Start of MATERIAL SUPPLIED
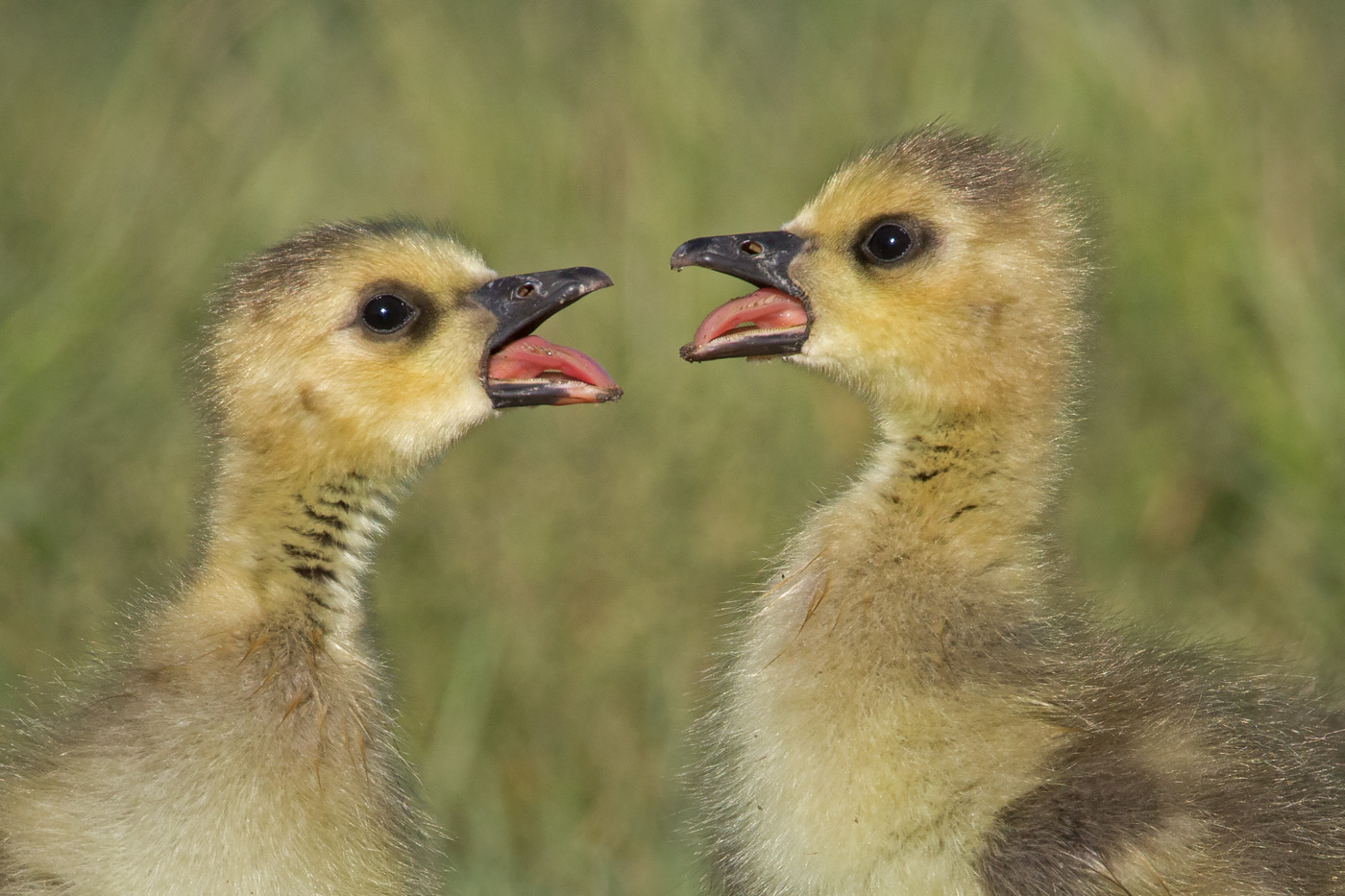These gosling siblings seemed to have a contentious relationship. Before this photo was taken, they had been nipping at each other's beaks.
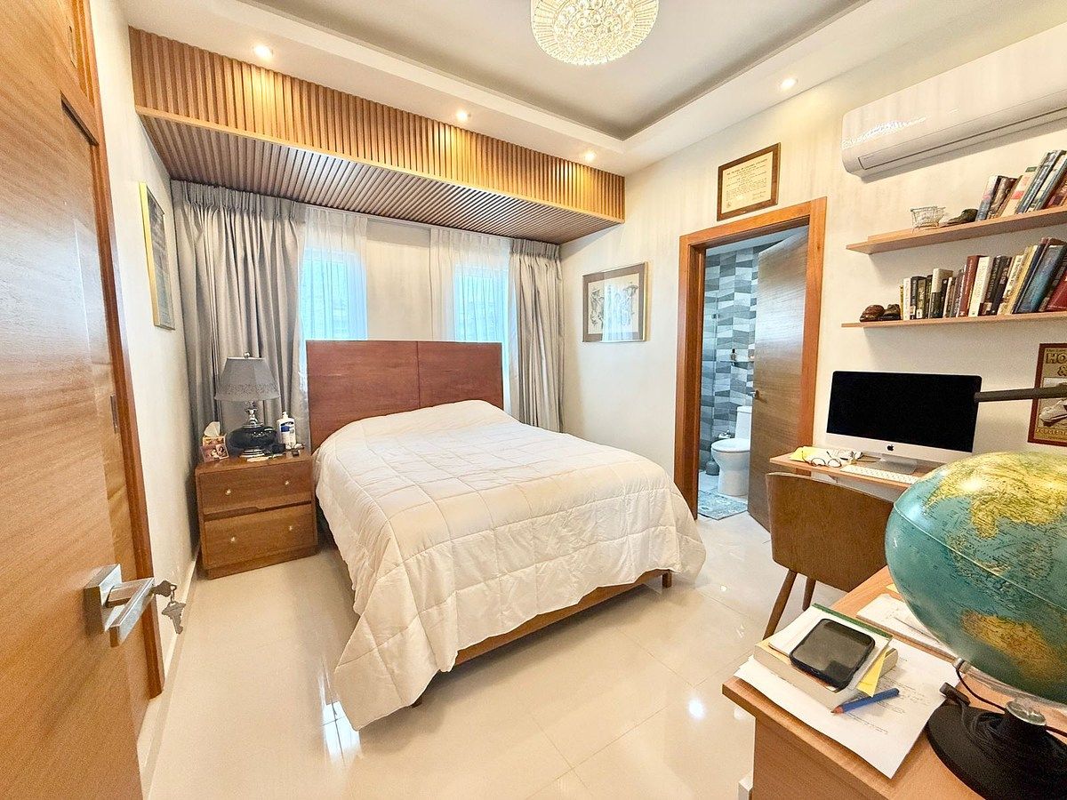 ?????????????? ?????? Vendo apartamento como nuevo, en residencial familiar,No barrios, No airbnb __________________________ - 144 metros netos (172 en total) - 3 Habs. (Principal con w/c) - 3.5 Ban~os - 2 Parqueos techados individuales - Balcón frontal al sur - Cuarto de servicio - A´rea de lavado - Techos en Sheetrock __________________________ ?????????????????????? ?? ????????????????????: - - Lobby, Ascensor, Planta full - Gas comu´n con medidores - Gimnasio equipado - Salón multiuso - Terraza con jacuzzi (vista al mar) - Sistema contra incendio - Cisterna y Pozo de agua - Mant. Rd$ 11,500 - Const. Año 2025 ___________________________ Inversión USD 385,000 __________________________ Con Dios todo es posible!!
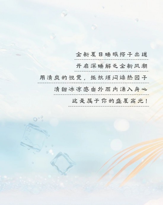 核心提示:全新夏日睡眠搭子出道,開啟深睡解乏全新風潮,用清爽的視覺,抵抗煩悶燥熱因子,清甜冰涼感由外而內(nèi)涌入身心,這是屬于你的盛夏高光!
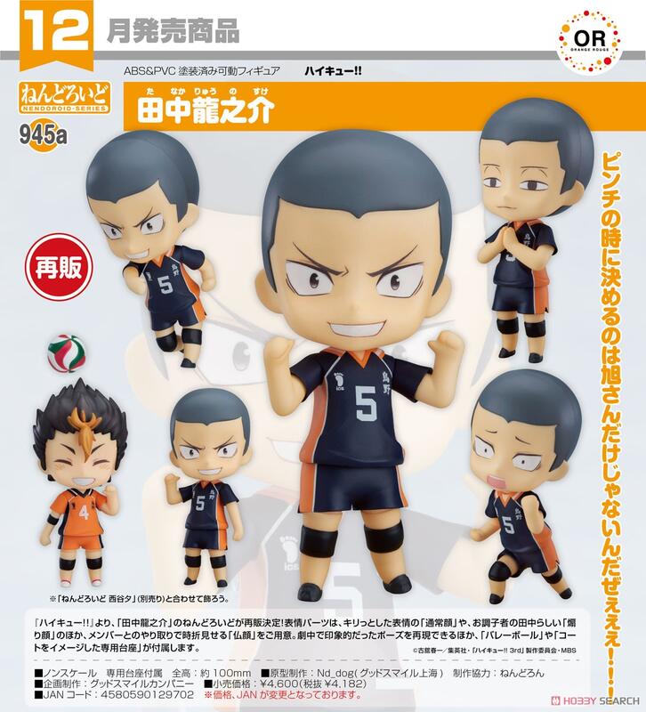 ☆勳寶玩具舖【現貨】代理版 GSC 黏土人 排球少年!! 945a 田中龍之介 Ryunosuke Tanaka
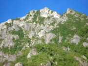 日本三大急登の黒戸尾根途中の刃渡り、両側は切れ落ち、雪、雨、強風時は要注意 |
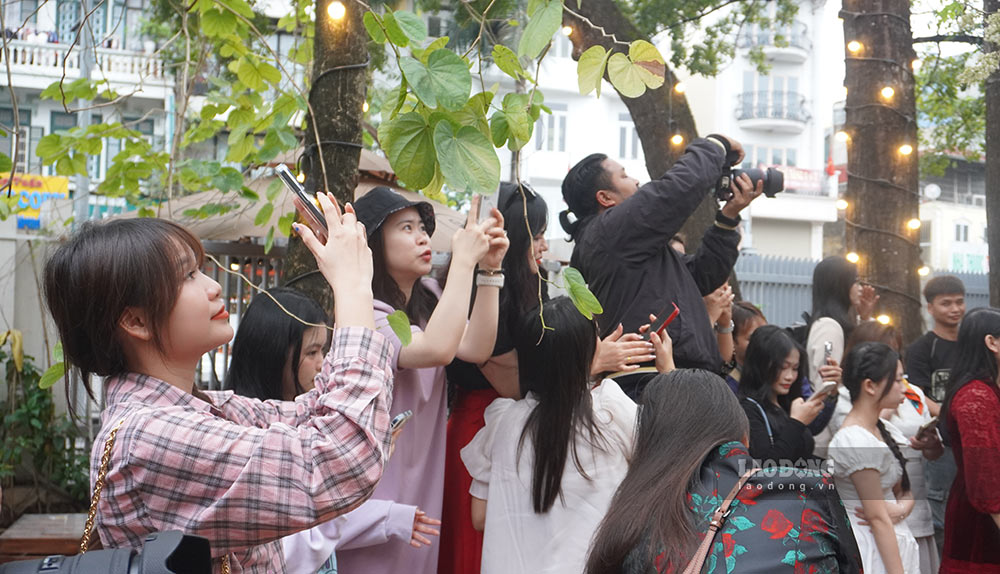 “Biết được hoa sưa ở quán cà phê này đang rất đông người chụp nên tôi phải đến từ sáng sớm. Tuy vậy, khi đến cũng đã có khá nhiều người xếp hàng chờ”, chị Hường nói.
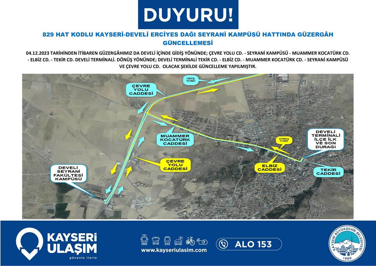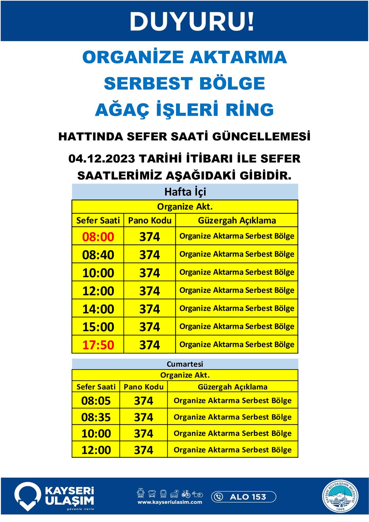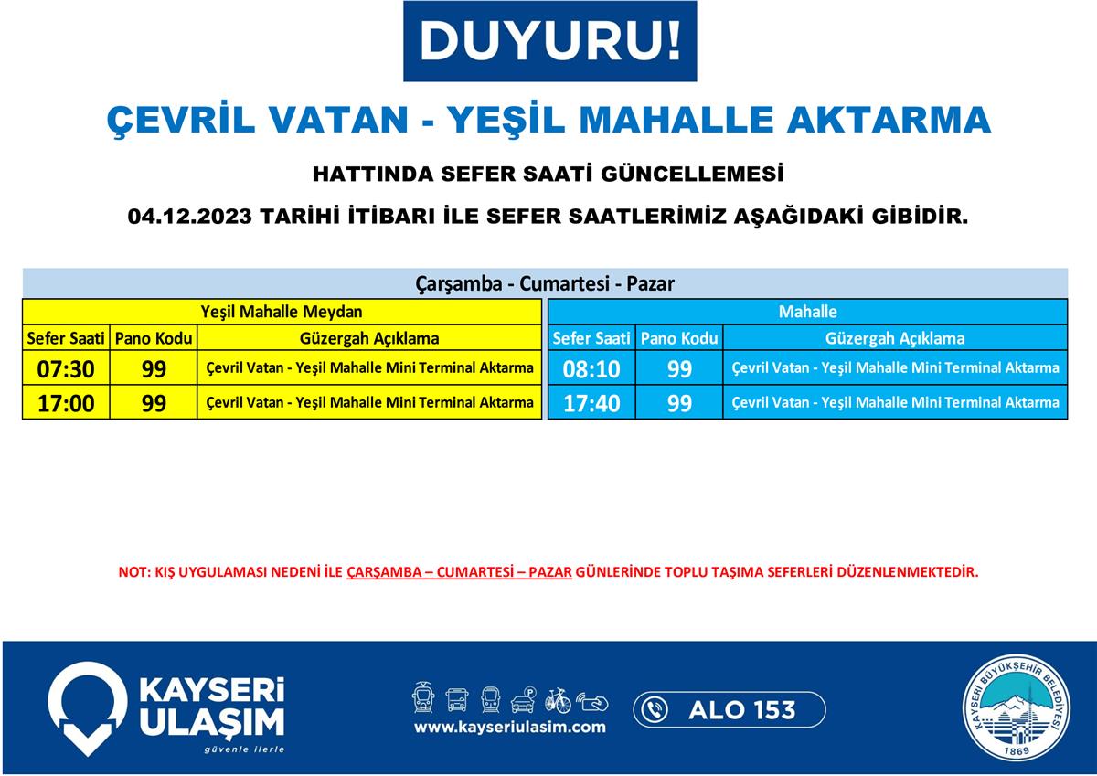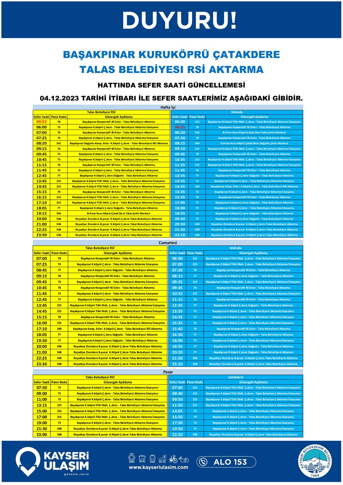 04 Aralık 2023 Tarihinden İtibaren Bazı Sefer Saat ve Güzergah Güncellemeleri Yapılmıştır.
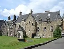In 1615 John Byres the city Treasurer built Easter Coates House to the west of the city. The house had a truly huge estate, stretching to St Cuthbert's Church.[11] The house was originally a Laird's house, and as the city of Edinburgh grew, and John Byres became city Treasurer and Bailie, it became an early example of a Burgher's city mansion. The house is still standing as of the 21st Century as the center of the West End district.[12]
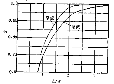 (3-47)顯然,我們希望S值越接近于1越好。也就是說,希望磁場軸向長度為有限長時電極上產(chǎn)生的感生電動勢盡可能接近于無限長時的值.若以L/d表示磁場軸向長度與管道內(nèi)徑之比,則根據(jù)計算,在測量管是絕緣管壁的條件下,S與L/d的關(guān)系如圖3—35所示.由圖可知,在保證S=0.99的情況下,L/ d的比值范圍大致為L/d=2.8—3.04.這就是說,為了減少磁場地緣的影響,勵磁線圈的長度應(yīng)為測量管內(nèi)徑的2. 8—3.04倍,這樣才可以使電極上產(chǎn)生電動勢接近于無限長磁場時的值。
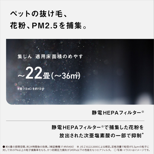 ・コンパクトサイズながら大型フィルターを搭載にし、22畳までのお部屋の集じんにも対応
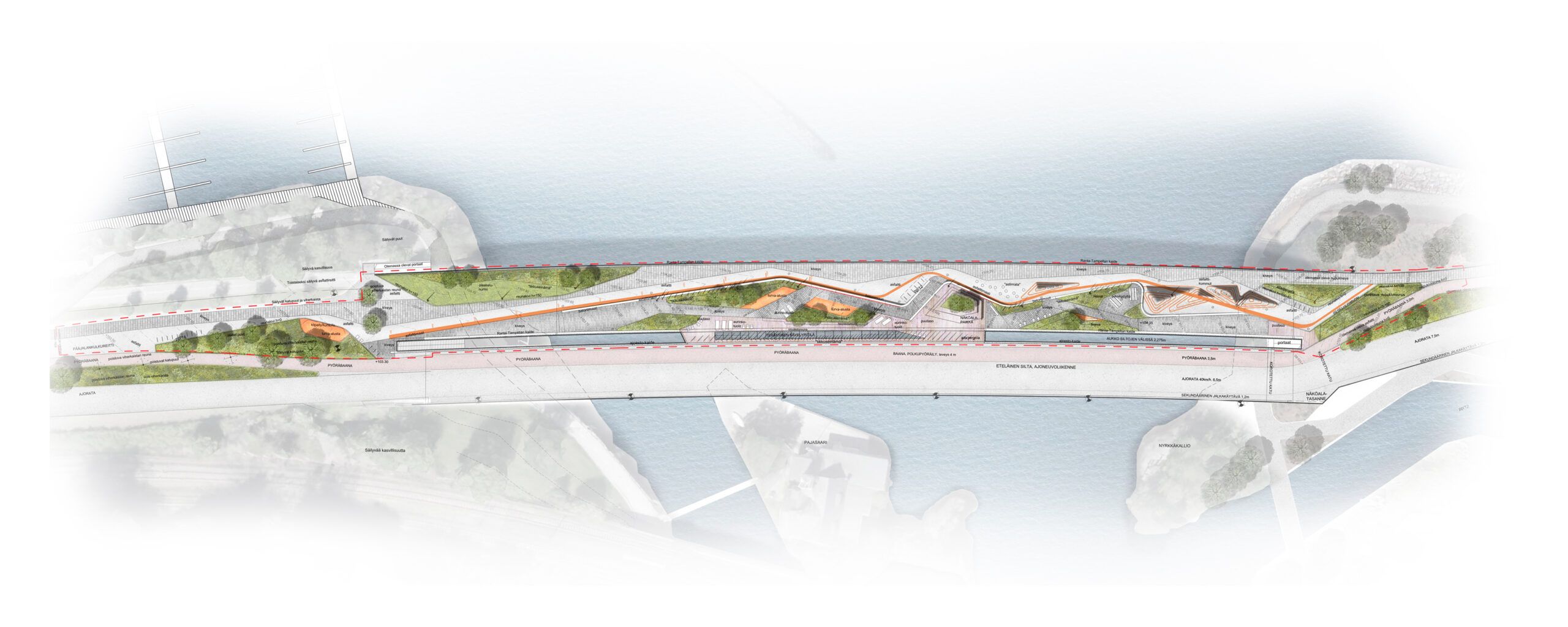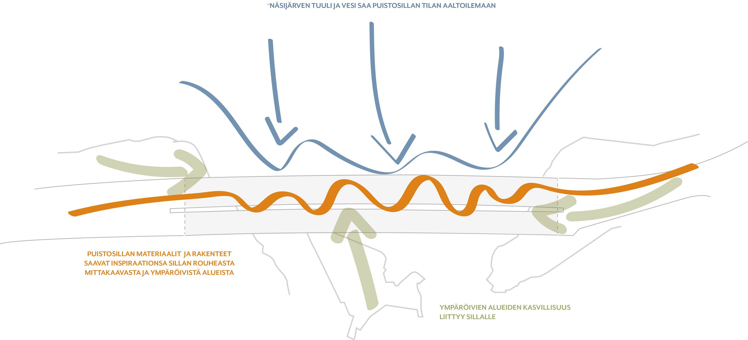 Puistosillan jäsentely saa inspiraationsa Näsijärven laajan selän luonnonvoimien liikkeestä. Aaltojen ja voimakkaiden tuulien ”vaikutus” näkyy sillan muotokielessä. Matala, sillan pituussuuntainen aaltoileva luonnonkivimuuri jakaa puistosillan kahteen erilaiseen osaan: liikkumisen vyöhykkeeseen ja muurilla korotettuun oleskelun alueeseen. Matalan muurin aaltoileva muoto luo pitkään siltatilaan selkeän aiheen ja muodostaa sillalle miellyttävän mittakaavan oleskeluun.
End of MATERIAL SUPPLIED
Copy the lines above exactly, starting at the one with "核心提示:全新夏日睡眠搭子出" and ending at the one with "04 Aralık 2023", both included. Leave out any pictures and add nothing else.

 核心提示:全新夏日睡眠搭子出道,開啟深睡解乏全新風潮,用清爽的視覺,抵抗煩悶燥熱因子,清甜冰涼感由外而內(nèi)涌入身心,這是屬于你的盛夏高光!
 ☆勳寶玩具舖【現貨】代理版 GSC 黏土人 排球少年!! 945a 田中龍之介 Ryunosuke Tanaka
 日本三大急登の黒戸尾根途中の刃渡り、両側は切れ落ち、雪、雨、強風時は要注意 |
 “Biết được hoa sưa ở quán cà phê này đang rất đông người chụp nên tôi phải đến từ sáng sớm. Tuy vậy, khi đến cũng đã có khá nhiều người xếp hàng chờ”, chị Hường nói.
 04 Aralık 2023 Tarihinden İtibaren Bazı Sefer Saat ve Güzergah Güncellemeleri Yapılmıştır.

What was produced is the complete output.